Khyrisse stirred her pasta listlessly. It wasn’t Schneider’s fault, but spending time with him just wasn’t pleasant anymore. It was hard enough avoiding the paternity issue with Ebreth, and they had hundreds of other things to talk about. With Schneider it was how-are-you-feeling and gee-the-baby’s-cute and then long, awkward silences, periodically interrupted by a rather forced attempt on his part to pretend they weren’t awkward. He asked her about uterine swelling. Khyrisse didn’t think her guts were any of his business at all. He made a joke about stretch marks. Khyrisse was still too sensitive about that to find it amusing. He kept on claiming Lissa recognized his face even after Khyrisse had explained to him several times that infants her age couldn’t even see more than a foot in front of them and his insisting that Lissa was different was getting kind of annoying, please. He talked about their future together, which, even though Khyrisse had already agreed to let him have one, still constricted her breathing. Today he was saying he couldn’t wait till Lissa was old enough for him to take to the Lianth zoo. She was only just born. Khyrisse hadn’t even gotten used to her the way she was, and Schneider was already trying to make her look forward far enough to imagine her going to another city without her mother’s supervision? Just let me take this at my own pace, she wanted to cry. Just stop pushing me. We can talk about these things when the time comes!

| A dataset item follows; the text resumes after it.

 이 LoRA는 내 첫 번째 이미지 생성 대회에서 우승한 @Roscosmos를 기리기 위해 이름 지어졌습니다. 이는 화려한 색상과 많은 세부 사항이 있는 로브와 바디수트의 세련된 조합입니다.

But Schneider couldn’t read minds--just as well, really--and Khyrisse couldn’t articulate her distress. So they sat there, on either side of the café table, watching the baby sleep peacefully in her basket as if they were both hoping she might wake up and do something cute to distract them from their discomfort.

She did not.


“She’s having lunch with him?” Grayson was incredulous. “You’re telling me she thinks this is okay?”

“I’m having lunch with you,” Ebreth pointed out.

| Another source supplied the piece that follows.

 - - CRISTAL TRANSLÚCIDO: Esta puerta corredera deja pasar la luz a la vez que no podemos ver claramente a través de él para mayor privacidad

“Yeah, but last time I checked we never slept together, Tor.” The planeblazer poked at her milkshake sharply with her straw. “You don’t sleep around on someone and keep on seeing the alternates. Even if... well, you just don’t.”

“There’s nothing going on between them anymore,” said Ebreth. That much, at least, he was confident of.

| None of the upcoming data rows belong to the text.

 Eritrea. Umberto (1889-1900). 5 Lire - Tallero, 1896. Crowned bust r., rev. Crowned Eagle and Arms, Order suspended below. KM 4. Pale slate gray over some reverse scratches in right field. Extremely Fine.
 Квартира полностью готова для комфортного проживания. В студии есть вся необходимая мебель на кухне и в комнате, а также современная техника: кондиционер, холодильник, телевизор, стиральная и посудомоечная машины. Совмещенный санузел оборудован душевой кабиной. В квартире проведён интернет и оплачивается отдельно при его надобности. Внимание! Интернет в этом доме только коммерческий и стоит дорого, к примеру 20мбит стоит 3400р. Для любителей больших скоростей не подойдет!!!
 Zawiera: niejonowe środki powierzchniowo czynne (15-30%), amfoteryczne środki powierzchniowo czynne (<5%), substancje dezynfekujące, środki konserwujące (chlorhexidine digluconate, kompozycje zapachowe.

“Nothing except for Backdoor Bob taking your family out to lunch like he’s got some kind of place there. Christ!” She crossed her arms, turning partly away. “I’m not going to tell you to respect yourself, all right? I’m not that stupid. But no one should have to put up with the kind of shit she’s giving you.”

Ebreth sighed. “It’s not like that, Grayson. You don’t know. Khyrisse, she... we didn’t even have a commitment. When they took me back to Hell. Do you understand? She came after me. She didn’t even owe me that.”

Grayson didn’t say anything for a while. “No, she didn’t,” she finally said. “I wish I had a friend like that. And if she didn’t want any part of it anymore after Hell was through with you, I wouldn’t think less of her for it. Some people might, but not me.” She made a brittle puff of air. “But she did, Ebreth. She decided to pursue the relationship anyway. She got married to you. You can’t do that and keep on lording it over someone. I don’t give a damn what all happened to you. You can’t have your cake and eat it too. Either you’re her equal or you’re not.” She rubbed her forehead. “Please make her treat you like a human being,” she said in a much softer voice.


“Whoa,” Marty said. “So does this make me, like, an uncle? I’ve never been an uncle before.” He peered curiously at the baby. “Unless you count Rabid, I guess.”

“Rabid?” Khyrisse said despite herself. She had bumped into the young paladin on her way out of the restaurant, and despite her prevailing mood, didn’t have the heart to blow him off.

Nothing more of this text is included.